--- EXERCISE INPUTS Enclosed Below ---

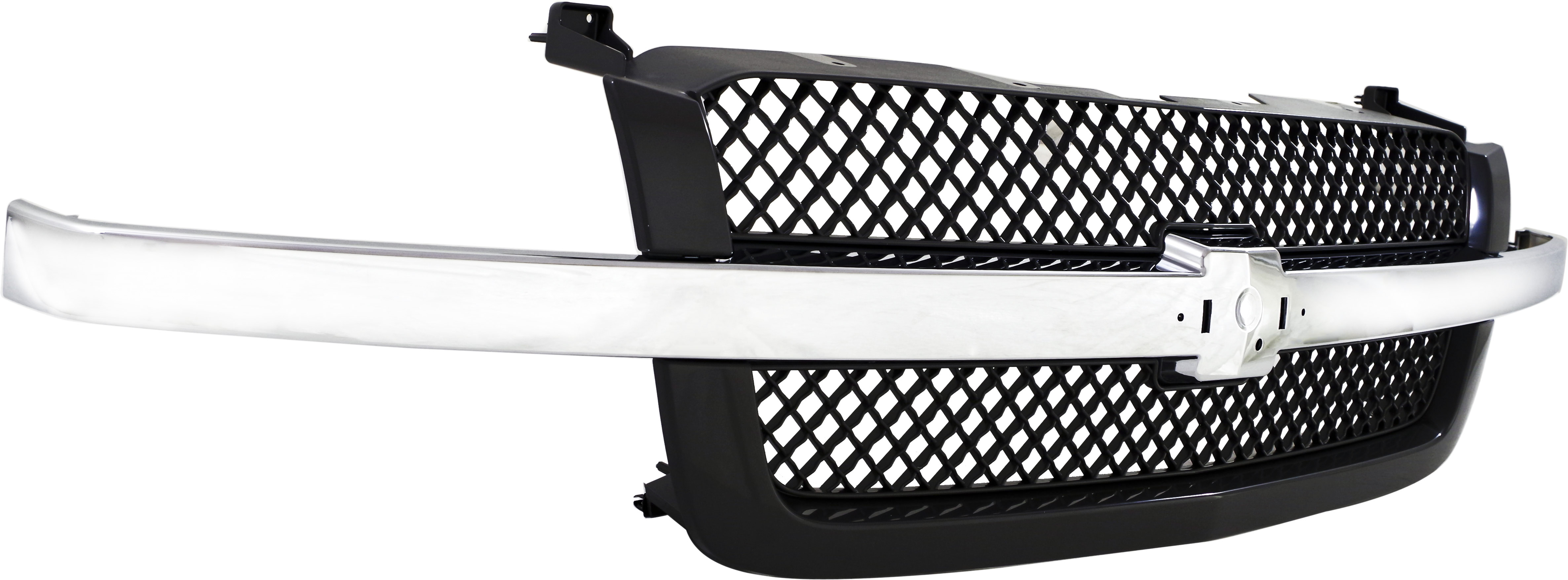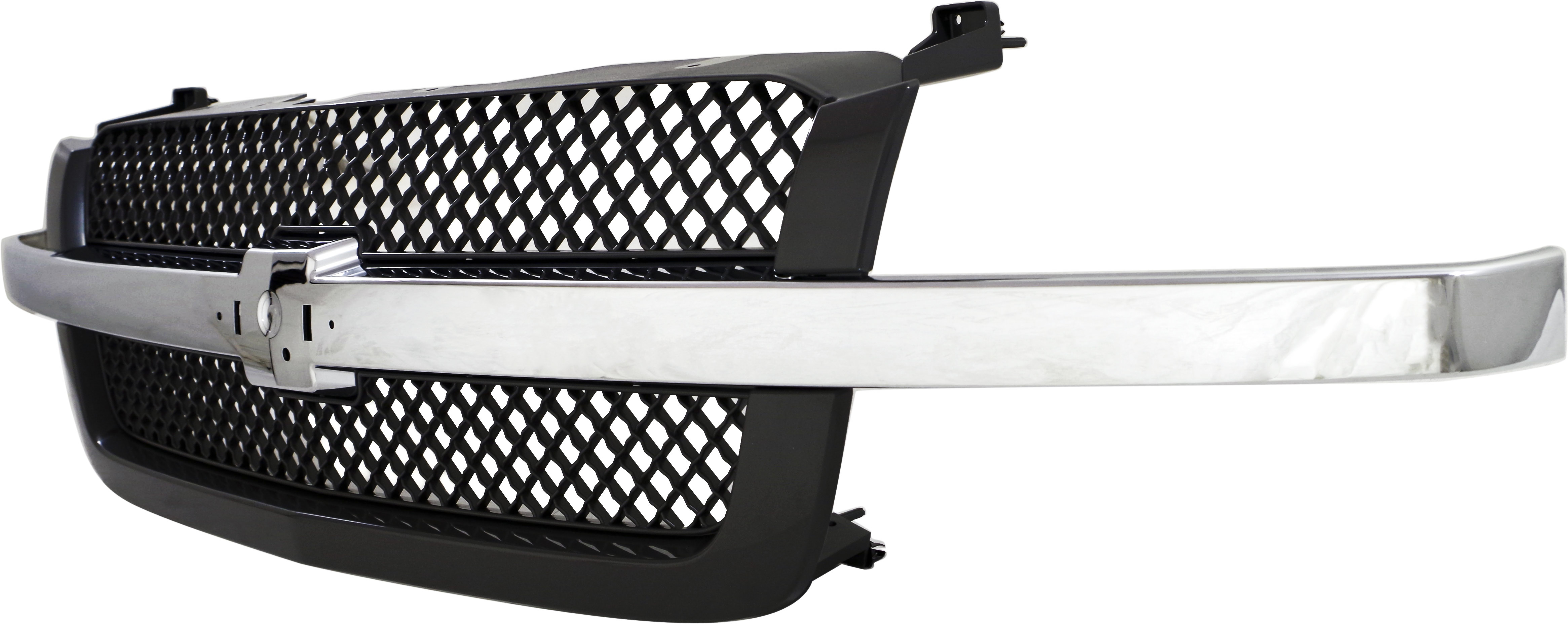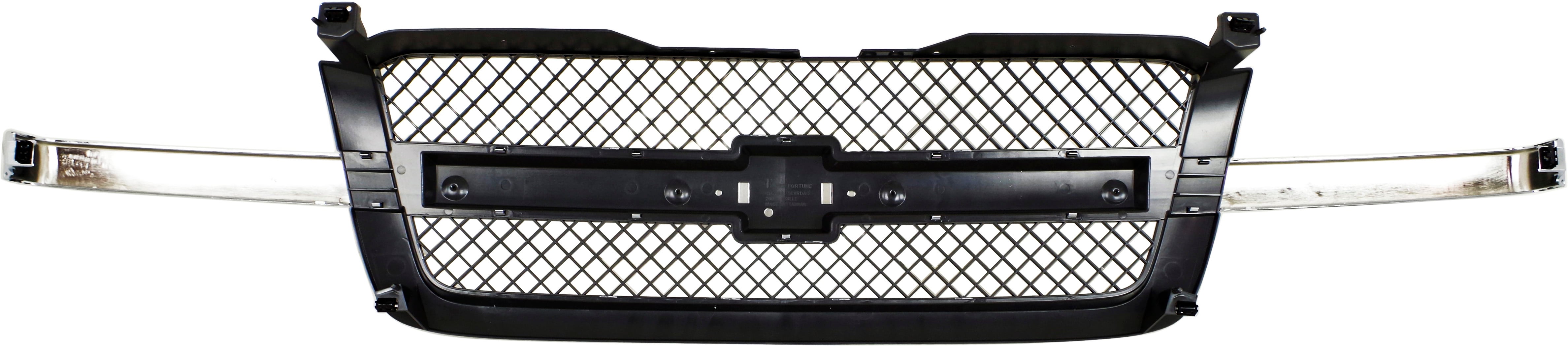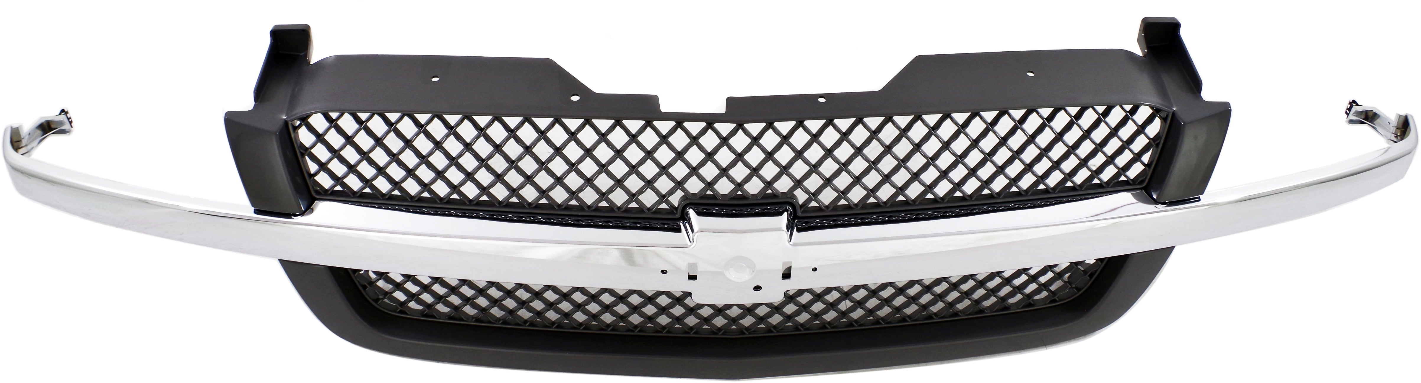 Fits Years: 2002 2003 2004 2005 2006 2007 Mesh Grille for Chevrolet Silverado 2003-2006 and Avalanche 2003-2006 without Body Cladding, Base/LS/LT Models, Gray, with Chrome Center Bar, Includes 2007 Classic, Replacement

--- End of Enclosed EXERCISE INPUTS ---
--- EXERCISE INPUTS Enclosed Below ---

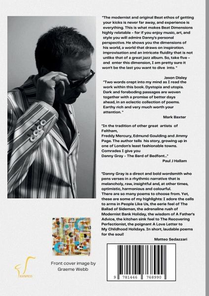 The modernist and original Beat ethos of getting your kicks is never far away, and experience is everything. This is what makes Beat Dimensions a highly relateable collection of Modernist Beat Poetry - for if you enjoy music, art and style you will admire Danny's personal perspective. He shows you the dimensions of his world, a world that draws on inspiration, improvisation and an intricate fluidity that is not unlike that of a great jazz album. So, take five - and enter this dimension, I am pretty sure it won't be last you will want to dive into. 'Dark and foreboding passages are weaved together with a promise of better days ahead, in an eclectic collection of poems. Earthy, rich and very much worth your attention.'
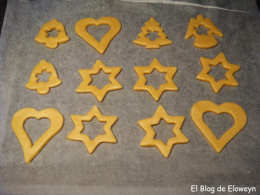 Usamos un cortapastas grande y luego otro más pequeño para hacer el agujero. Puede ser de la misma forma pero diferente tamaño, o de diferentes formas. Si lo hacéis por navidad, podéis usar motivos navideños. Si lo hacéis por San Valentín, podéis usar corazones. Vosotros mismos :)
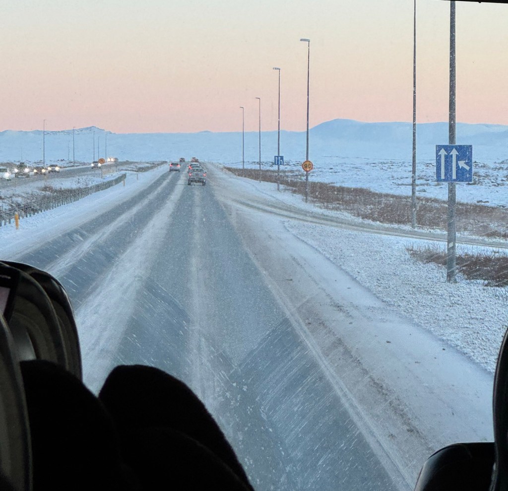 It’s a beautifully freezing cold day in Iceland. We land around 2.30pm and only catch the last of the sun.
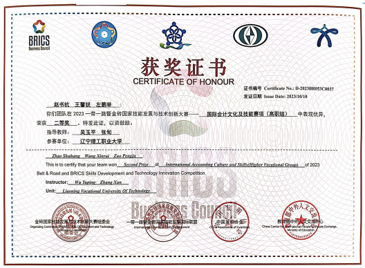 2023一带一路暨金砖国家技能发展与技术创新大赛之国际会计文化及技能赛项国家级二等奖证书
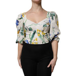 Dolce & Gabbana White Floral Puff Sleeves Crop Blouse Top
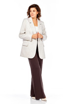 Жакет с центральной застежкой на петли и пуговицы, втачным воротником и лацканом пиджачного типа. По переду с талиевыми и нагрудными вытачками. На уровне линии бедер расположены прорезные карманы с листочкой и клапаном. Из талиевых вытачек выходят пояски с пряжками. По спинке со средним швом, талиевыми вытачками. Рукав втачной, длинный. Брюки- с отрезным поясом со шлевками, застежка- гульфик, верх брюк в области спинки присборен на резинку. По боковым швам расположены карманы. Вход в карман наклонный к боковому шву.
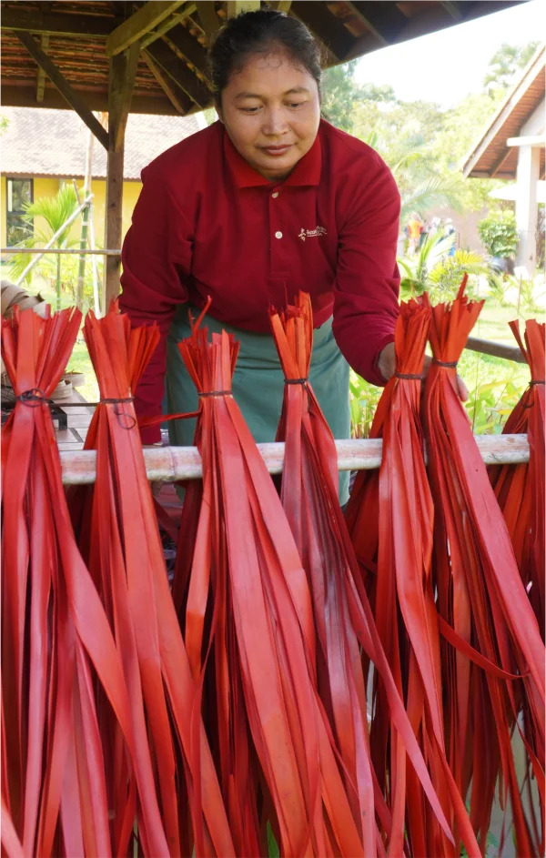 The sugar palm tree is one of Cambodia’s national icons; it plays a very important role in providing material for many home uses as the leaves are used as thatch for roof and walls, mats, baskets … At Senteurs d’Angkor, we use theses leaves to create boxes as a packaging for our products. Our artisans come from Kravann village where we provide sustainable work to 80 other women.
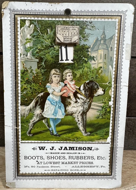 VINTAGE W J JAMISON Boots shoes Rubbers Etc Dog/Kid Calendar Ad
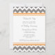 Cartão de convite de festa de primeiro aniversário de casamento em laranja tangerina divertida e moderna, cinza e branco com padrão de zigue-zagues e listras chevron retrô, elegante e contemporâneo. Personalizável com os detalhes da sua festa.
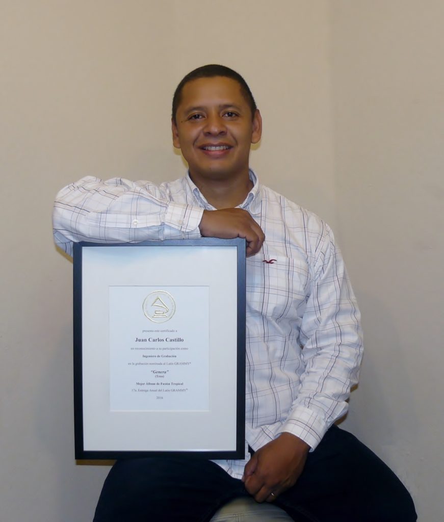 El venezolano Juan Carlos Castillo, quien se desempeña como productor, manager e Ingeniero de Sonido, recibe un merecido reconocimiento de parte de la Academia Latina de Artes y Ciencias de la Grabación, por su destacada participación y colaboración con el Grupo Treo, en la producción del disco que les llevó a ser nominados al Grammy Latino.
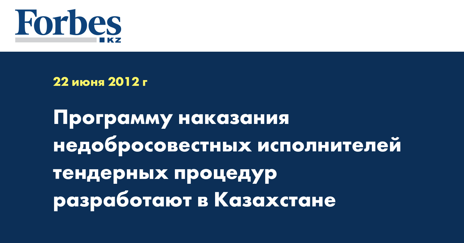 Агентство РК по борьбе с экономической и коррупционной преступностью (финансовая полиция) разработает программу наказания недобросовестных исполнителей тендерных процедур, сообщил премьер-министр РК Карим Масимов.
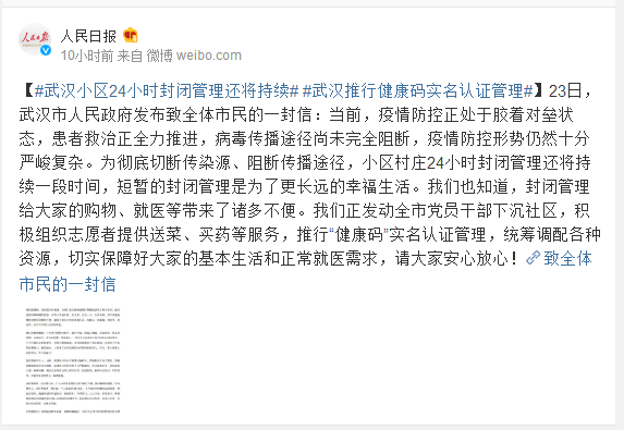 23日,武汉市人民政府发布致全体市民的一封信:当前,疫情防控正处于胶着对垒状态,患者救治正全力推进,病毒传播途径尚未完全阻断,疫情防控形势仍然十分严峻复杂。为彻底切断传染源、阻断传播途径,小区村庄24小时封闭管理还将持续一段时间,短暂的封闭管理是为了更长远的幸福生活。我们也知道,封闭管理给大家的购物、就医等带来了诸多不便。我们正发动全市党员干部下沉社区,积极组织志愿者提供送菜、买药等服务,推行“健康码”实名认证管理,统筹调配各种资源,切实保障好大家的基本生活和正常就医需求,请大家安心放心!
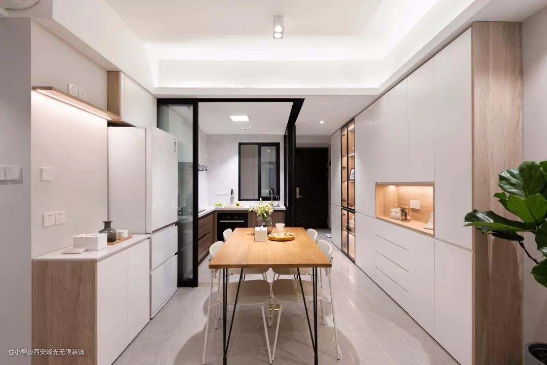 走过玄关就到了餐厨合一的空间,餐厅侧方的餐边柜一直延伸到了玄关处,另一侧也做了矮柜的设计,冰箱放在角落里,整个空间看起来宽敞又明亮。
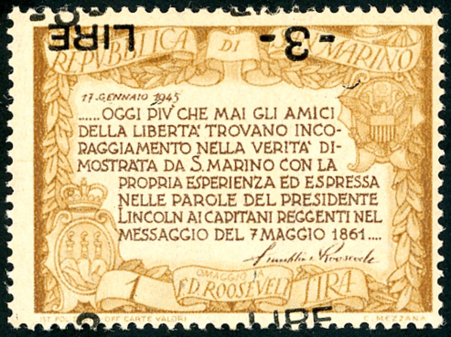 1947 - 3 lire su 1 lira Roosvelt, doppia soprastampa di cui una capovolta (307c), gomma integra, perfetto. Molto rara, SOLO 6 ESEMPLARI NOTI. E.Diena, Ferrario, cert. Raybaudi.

--- End of Enclosed EXERCISE INPUTS ---
--- EXERCISE INPUTS Enclosed Below ---

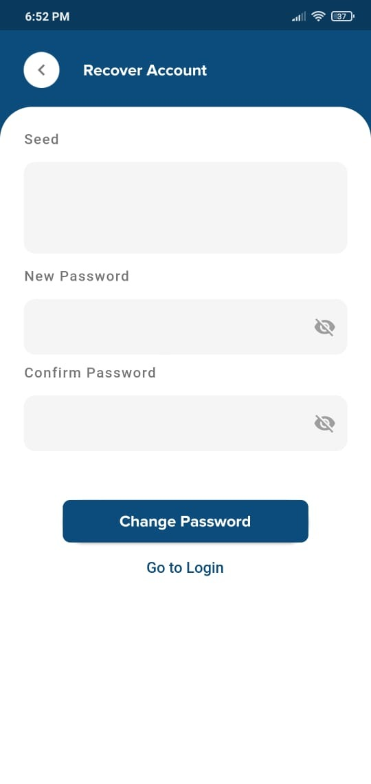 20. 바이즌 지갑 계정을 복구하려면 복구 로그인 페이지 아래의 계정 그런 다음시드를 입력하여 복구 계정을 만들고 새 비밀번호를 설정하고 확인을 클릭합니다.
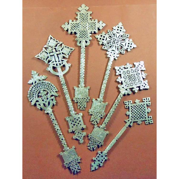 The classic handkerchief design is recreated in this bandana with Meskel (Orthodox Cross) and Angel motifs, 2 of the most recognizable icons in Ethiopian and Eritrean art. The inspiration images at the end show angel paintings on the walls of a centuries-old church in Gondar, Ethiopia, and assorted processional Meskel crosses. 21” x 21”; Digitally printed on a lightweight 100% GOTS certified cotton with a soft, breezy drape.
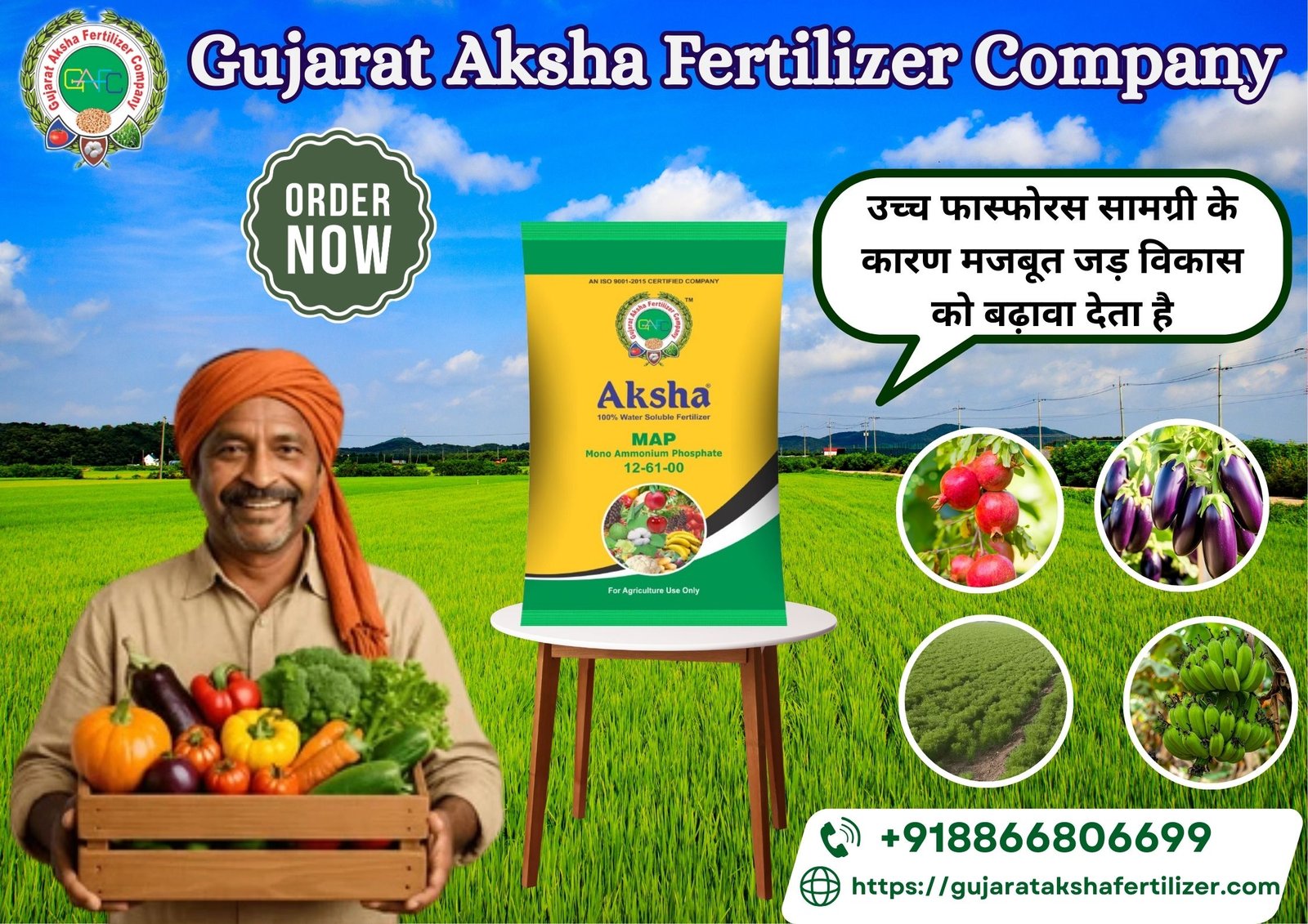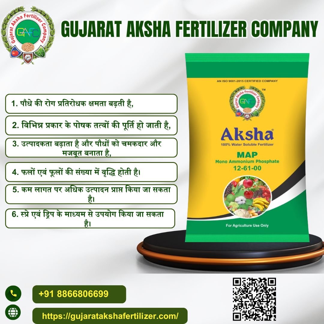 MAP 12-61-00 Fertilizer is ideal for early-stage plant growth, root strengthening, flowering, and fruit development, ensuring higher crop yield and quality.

--- End of Enclosed EXERCISE INPUTS ---

**PROBLEM TO SOLVE**
Copy the entries above exactly, but only the stretch from the line containing "The modernist and" through the line containing "Dolce & Gabbana". Keep both end lines; drop the pictures.

**RESULT**
 The modernist and original Beat ethos of getting your kicks is never far away, and experience is everything. This is what makes Beat Dimensions a highly relateable collection of Modernist Beat Poetry - for if you enjoy music, art and style you will admire Danny's personal perspective. He shows you the dimensions of his world, a world that draws on inspiration, improvisation and an intricate fluidity that is not unlike that of a great jazz album. So, take five - and enter this dimension, I am pretty sure it won't be last you will want to dive into. 'Dark and foreboding passages are weaved together with a promise of better days ahead, in an eclectic collection of poems. Earthy, rich and very much worth your attention.'
 Usamos un cortapastas grande y luego otro más pequeño para hacer el agujero. Puede ser de la misma forma pero diferente tamaño, o de diferentes formas. Si lo hacéis por navidad, podéis usar motivos navideños. Si lo hacéis por San Valentín, podéis usar corazones. Vosotros mismos :)
 It’s a beautifully freezing cold day in Iceland. We land around 2.30pm and only catch the last of the sun.
 2023一带一路暨金砖国家技能发展与技术创新大赛之国际会计文化及技能赛项国家级二等奖证书
 Dolce & Gabbana White Floral Puff Sleeves Crop Blouse Top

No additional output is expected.